Technology for uninterrupted supply

How Predictive Analytics Reduced Production Interruptions by Preventing Material Shortages

Published on Dec 3, 2025

Background

A mid-sized manufacturer of industrial pumps (“Firm B”) operated three plants producing 240+ SKUs across metals, castings and fabricated components. The business struggled with unpredictable material availability, despite stable demand.

The operations head blamed procurement. Procurement blamed suppliers. Suppliers blamed “urgent, last-minute orders.”

The real problem was forecasting — based on averages, not reality.


The Problem

Material shortages led to:

  • 14 production interruptions in a year
  • Chronic WIP buildup due to missing components
  • Excess inventory for low-velocity parts
  • High cash locked in raw material buffers

Cycle time for some SKUs was 68% longer than planned — not because capacity was inadequate, but because production was continuously waiting on inputs.


Root-Cause Diagnosis

A 45-day diagnostic revealed three failure loops:

Failure PointIssue
Demand ForecastBuilt on monthly averages; no seasonality or order pattern modeling
Material PlanningMRP triggered after shortages rather than ahead of demand
Production SchedulingNo correlation between sales probability & material readiness

Shortages were not random — they were predictable, but the planning system wasn’t looking.
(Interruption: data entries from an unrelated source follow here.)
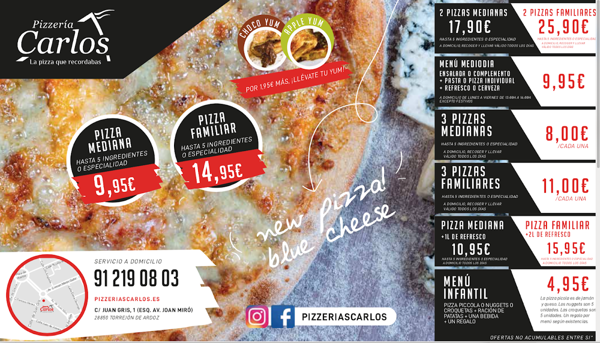 Welcome to Pizzería Carlos, located in the heart of Torrejón de Ardoz. This charming pizza restaurant excels in offering a menu that celebrates quality and flavor. With signature dishes like the pizza carlina and barbecue pizza, you can expect a delightful burst of fresh ingredients in every bite.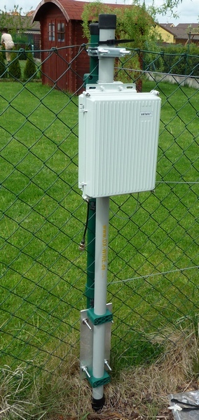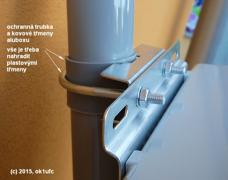 - Alubox s balunem (nebo HF trafem) a reaktancemi. Po odpojení vodičů a odšroubování třmenů ho lze odnést, kouká z něho jen pigtail (asi 15 cm) s konektorem SO-239. Já box nemám na laminát. tyči (čtěte však dále), ale u tohoto prototypu na sloupku od plotu, který je hned vedle zabetonované patky.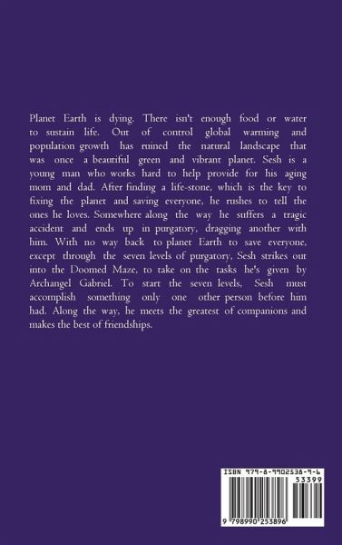 Planet Earth is dying. There isn't enough food or water to sustain life. Out of control global warming and population growth has ruined the natural landscape that was once a beautiful green and vibrant planet. Sesh is a young man who works hard to help provide for his aging mom and dad. After finding a life-stone, which is the key to fixing the planet and saving everyone, he rushes to tell the ones he loves. Somewhere along the way he suffers a tragic accident and ends up in purgatory, dragging another with him. With no way back to planet Earth to save everyone, except through the seven levels of purgatory, Sesh strikes out into the Doomed Maze, to take on the tasks he's given by Archangel Gabriel. To start the seven levels, Sesh must accomplish something only one other person before him had. Along the way, he meets the greatest of companions and makes the best of friendships.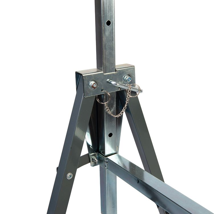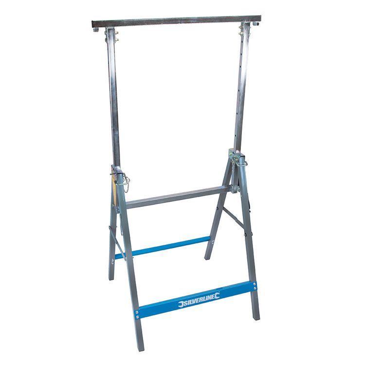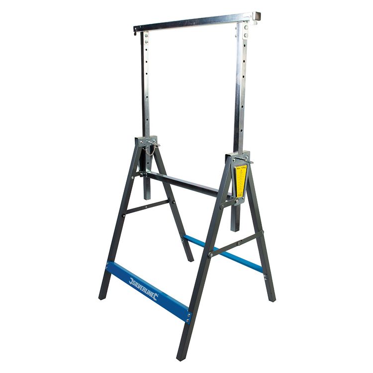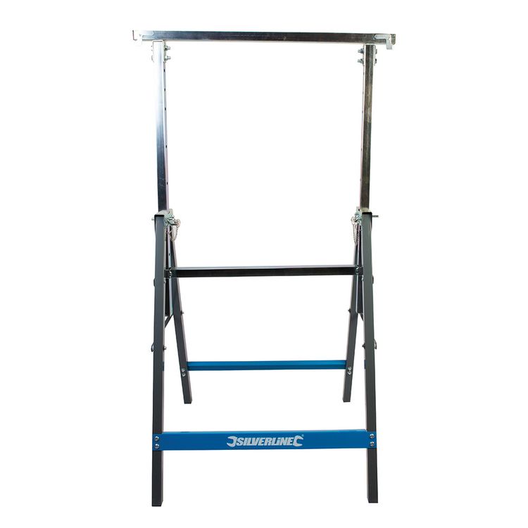 Heavy duty box section steel. Adjustable height and adjusting locking bars. Dual-locking safety arms and folding support braces for increased stability. Folds down for convenient storage. Maximum load capacity 150kg. 685mm wide. Adjustable height 810-1300mm. Requires assembly.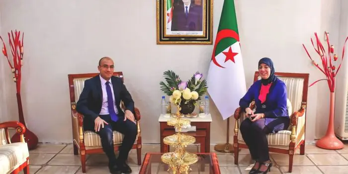 التقى، كاتب الدولة لدى وزير الشؤون الخارجية، المكلف بالجالية الوطنية بالخارج، سفيان شايب، مع الوزيرة، المحافظة السامية للرقمنة، مريم بن مولود، رفقة أعضاء من الوزارة المعنية.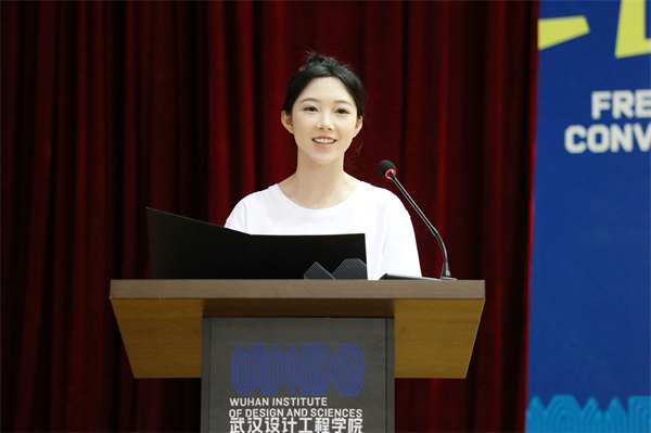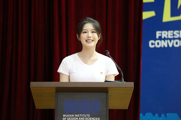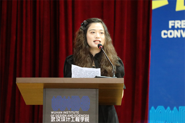 时尚设计学院表演(服饰表演与推广)专业陈煜蓉同学作为在校生代表,分享了自己的大学感悟。“以美育人、以文化人,武设有广阔的学习平台、丰富的学习资源和多彩的校园文化活动。”她希望学弟学妹们珍惜大学的宝贵时光和机会,积极实践、勇于创新,坚强面对困难和挑战,在自我反思和总结中汲取经验教训,收获成长。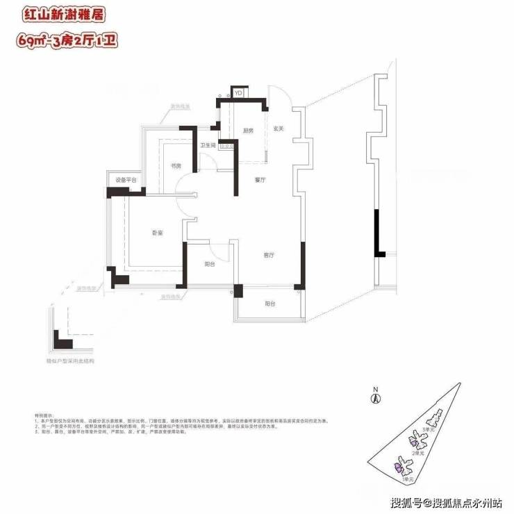 『联发·红山新澍雅居』产品包含建筑面积约69-72-78-80-84-99㎡三至四房,涵盖6个面积段,细分7种户型,横厅竖厅都有。
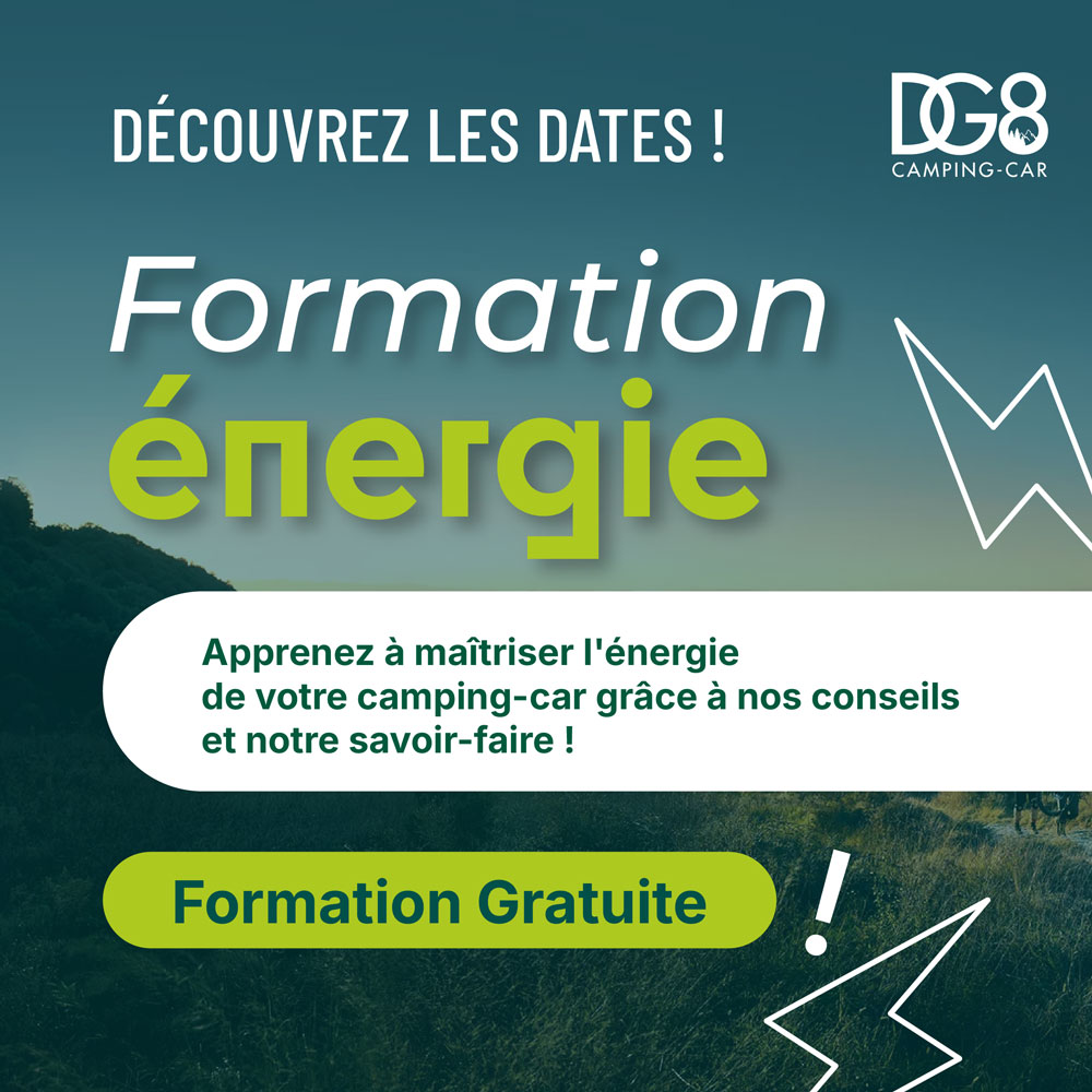 Nos formations énergie camping-car sont animées par des experts et conseillers DG8 Camping-car, spécialistes du véhicule de loisirs. Elles sont entièrement gratuites, mais l’inscription est obligatoire pour participer. Attention : le nombre de places est limité !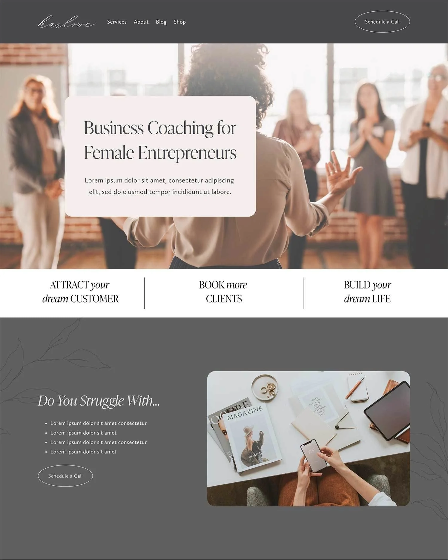 Ley Design is a Squarespace design and branding studio with more than 10 years of design and marketing experience. Their goal is to help small businesses get a professional website that puts them “neck and neck with the established industry pros”. They offer modern and minimal Squarespace Templates designed specifically for ambitious coaches and service providers. These templates are sure to take your business to the next level.
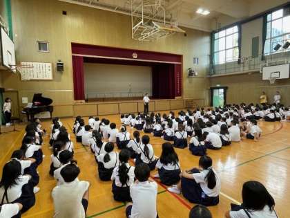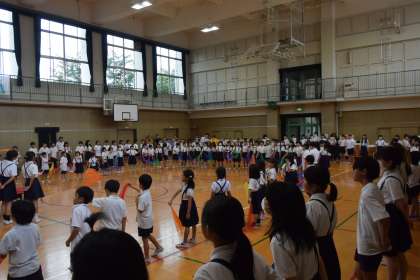 明日から、夏休み。5時間目には、全校集会がありました。校長先生、生活指導の先生の話があったあとは、今年も音楽の時間がありました。全校児童でまるくなり、顔を見合いながら「365日の紙飛行機」を歌いました。綺麗な歌声が響く、素敵な時間になりました。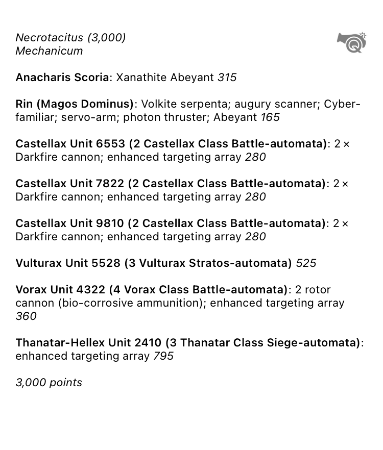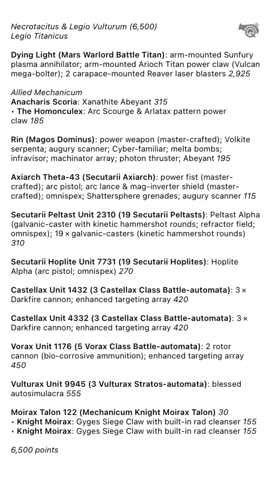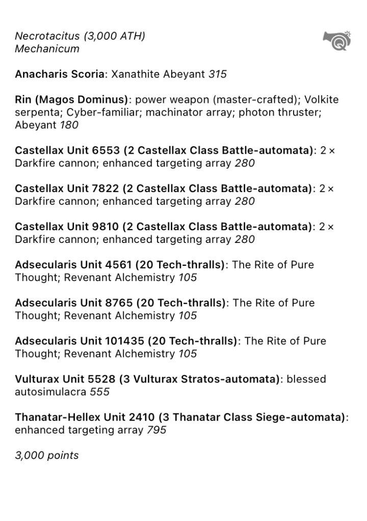 Unlike some of the Mechanicum forces in the region, the Necrotacitus does not have any organic super heavy assets, instead relying on fielding more Battle Automata to overwhelm their foes. When this is unlikely to occur successfully, they can call on their House Ærthegn indentured force to assist them.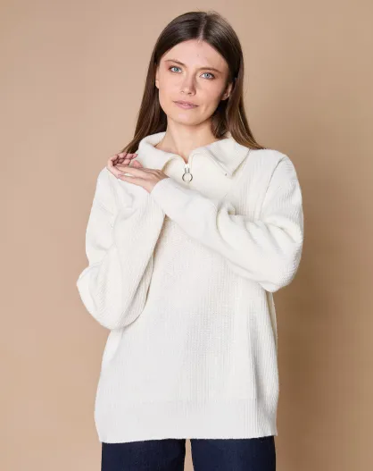 Pull en Laine & Cachemire mélangés Maia 1/2 zip écru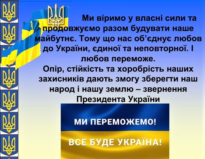 За рік війни з’явилися нові символи незламності – героїчний Маріуполь, нездоланний Харків, згорьована Буча, відважний Чернігів, нескорений Азовсталь, стійкий Херсон, знаменита Чорнобаївка, а ще – Маріуполь, Суми, Гостомель, Волноваха, Охтирка, Макарів, Конотоп, Миколаїв, Бровари, Ізюм та багато інших міст та сіл, які довели усьому світу, що російські окупанти не будуть панувати на українській землі.

Strategic Intervention — Predictive Analytics for Material Readiness

Firm B implemented predictive modeling directly into MRP & production planning.

The new system blended:

  • Sales probability curves (by SKU and customer segment)
  • Seasonality + project-cycle patterns
  • Historical urgency rate by client
  • Supplier lead-time variability data
  • Consumption rate by machine cell

Instead of ordering when stock dropped low, the system predicted material exhaustion before it happened.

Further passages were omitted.